Things are changing at The Lobster in Santa Monica, and the primary cause is the new chef patrolling the kitchen, Collin Crannell. After working a long time at various well known restaurants around town, Chef Crannell is putting his own spin on a long time Santa Monica staple known for seafood and spectacular views. Squid Ink sat down with a pint of Allagash White to talk with Chef Crannel about his past, his food loves and what's in store at The Lobster.
Squid Ink: You've been working at some good places in L.A. for a long while. Where did you work before The Lobster?
Collin Crannell: I was at La Botte for the last 3 years. Before that, I was a restaurant called Chloe that's no longer around. I loved that place. The creativity and imagination was really nice, they changed the menu once a month. Before that, I was chef de cuisine at Water Grill under Michael Cimarusti for the last 2 years. He's a genius. Most intelligent chef I've ever worked for. Before that, I was sous chef at the old Patina restaurant. I worked at the actual Patina for a year, got sent to Napa, Pinot Hollywood, Pinot Pasadena and got sent out on some catering.
SI: You're relatively new to The Lobster. How long have you been here?
CC: Four weeks. Since December 1st.
SI: You liking it here so far?
CC: Love it.
SI: Any big surprises?
CC: Yeah. The amount of spiny lobsters we sell here.
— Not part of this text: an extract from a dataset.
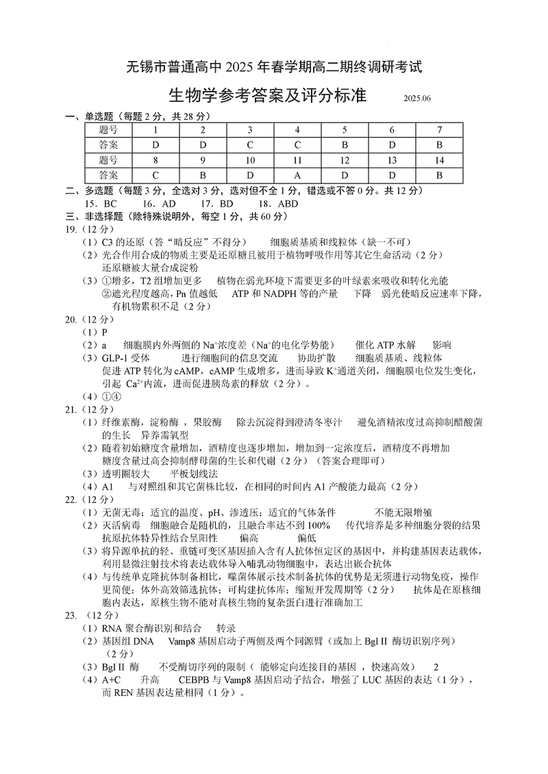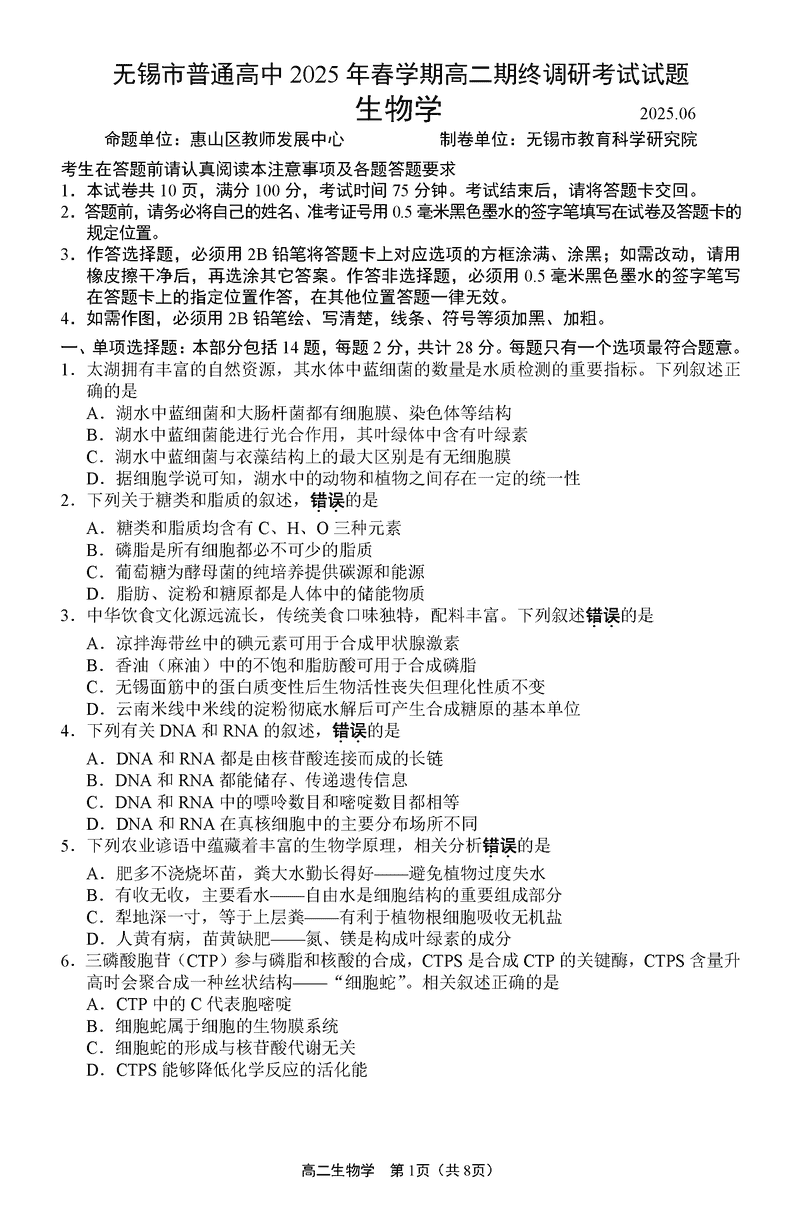 无锡市普通高中2025年春学期高二期终调研生物试题及答案 时间:2025-07-08 江苏 高中生物 江苏省无锡市普通高中2025年春学期高二期终调研生物考试已于近日开考,为方便考生考后及时查看考试情况,查漏补缺、弥补不足,本文整理了试题答案解析相关信息! 生物试题及答案解析

SI: What drew you to the restaurant?
CC: You know, I had a little stint with Water Grill and I really enjoy working with seafood. I love the creativity you can have with seafood. Lobster, east coast fish, west coast fish, Hawaiian fish. You can be really creative. But also, I like it here because I can cook globally. It's not Italian, it can be whatever I want. I use French technique, but I can incorporate flavors from anywhere.
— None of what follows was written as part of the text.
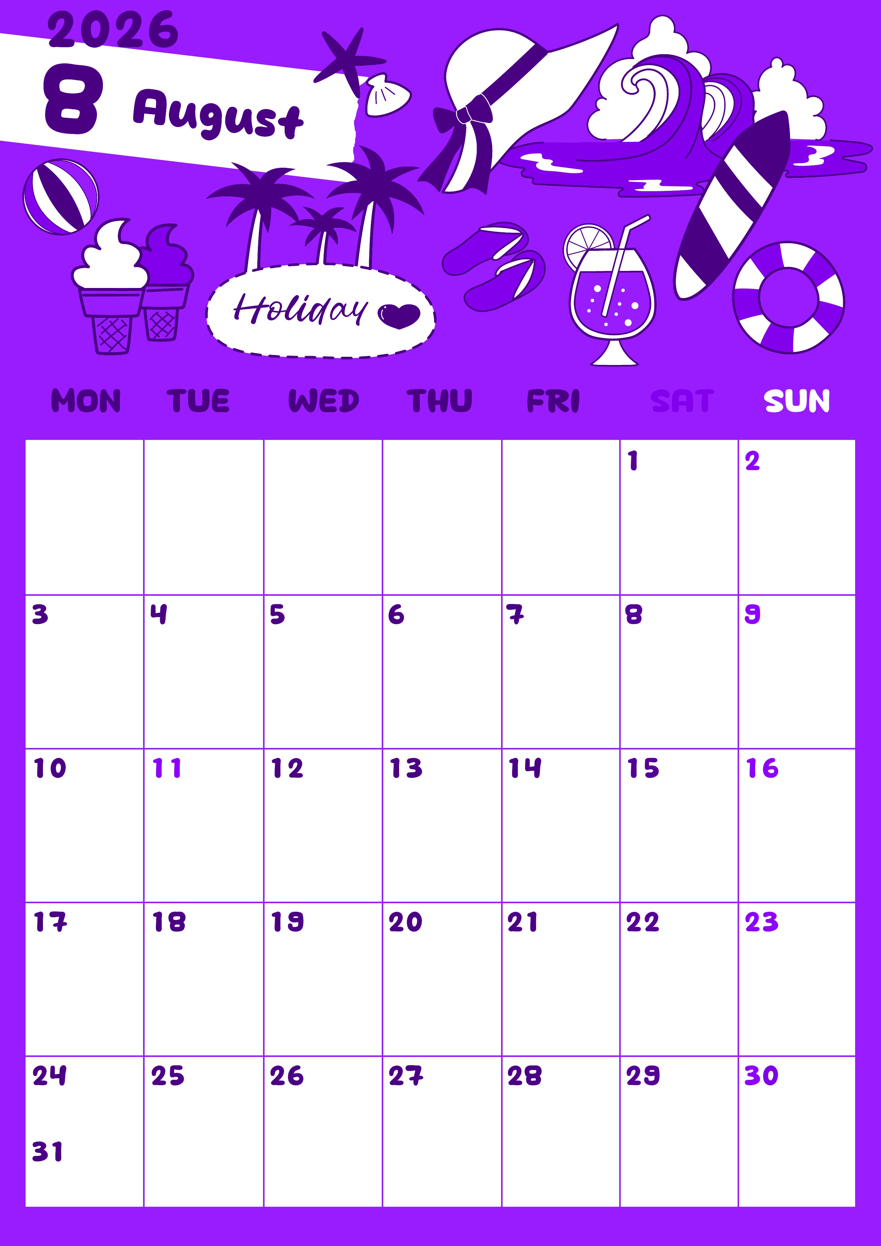 2026年8月縦型月曜始まりの無料テンプレートパープルのカレンダーです。月曜始まりで罫線も引いてある使い勝手の良いパープルのカレンダーには海岸の賑やかな雰囲気が伝わってくるようなかわいいポップなイラストが目白押しです。(2026-01000811)

Si: Any interesting stuff you've been incorporating lately?
CC: I did a braised pork belly in Korean lettuce cups. Raw ahi tuna pizzas with togarashi and wasabi crème fraiche. Played with the lobster corn dog.
SI: What are some of the new things you're bringing to the table that weren't here before?
CC: I just like to bring creativity, love and passion for what I do. And my own flavor.
SI: How much do you expect the menu to change over the next few months?
CC: Seventy percent different, I would say. But with that, I'm a very seasonal chef. From here, I can walk to the Santa Monica farmers market. So that will be the main reason. That'll be the challenge. But I'll try to keep being able to serve some of the staple items for the regulars.
SI: Where do you like to eat out in Los Angeles?
SI: Is there anything you won't eat?
CC: No. Love it all.
SI: Hardest ingredient to work with?
CC: Jellyfish. I never really work with it.
SI: What would be you Iron Chef ingredient? If you walked out to compete in Iron Chef, what secret ingredient would make you happiest to see pulled out?
CC: Olive oil. I really love my Sicilian olive oils. The one I love right now is called Primo.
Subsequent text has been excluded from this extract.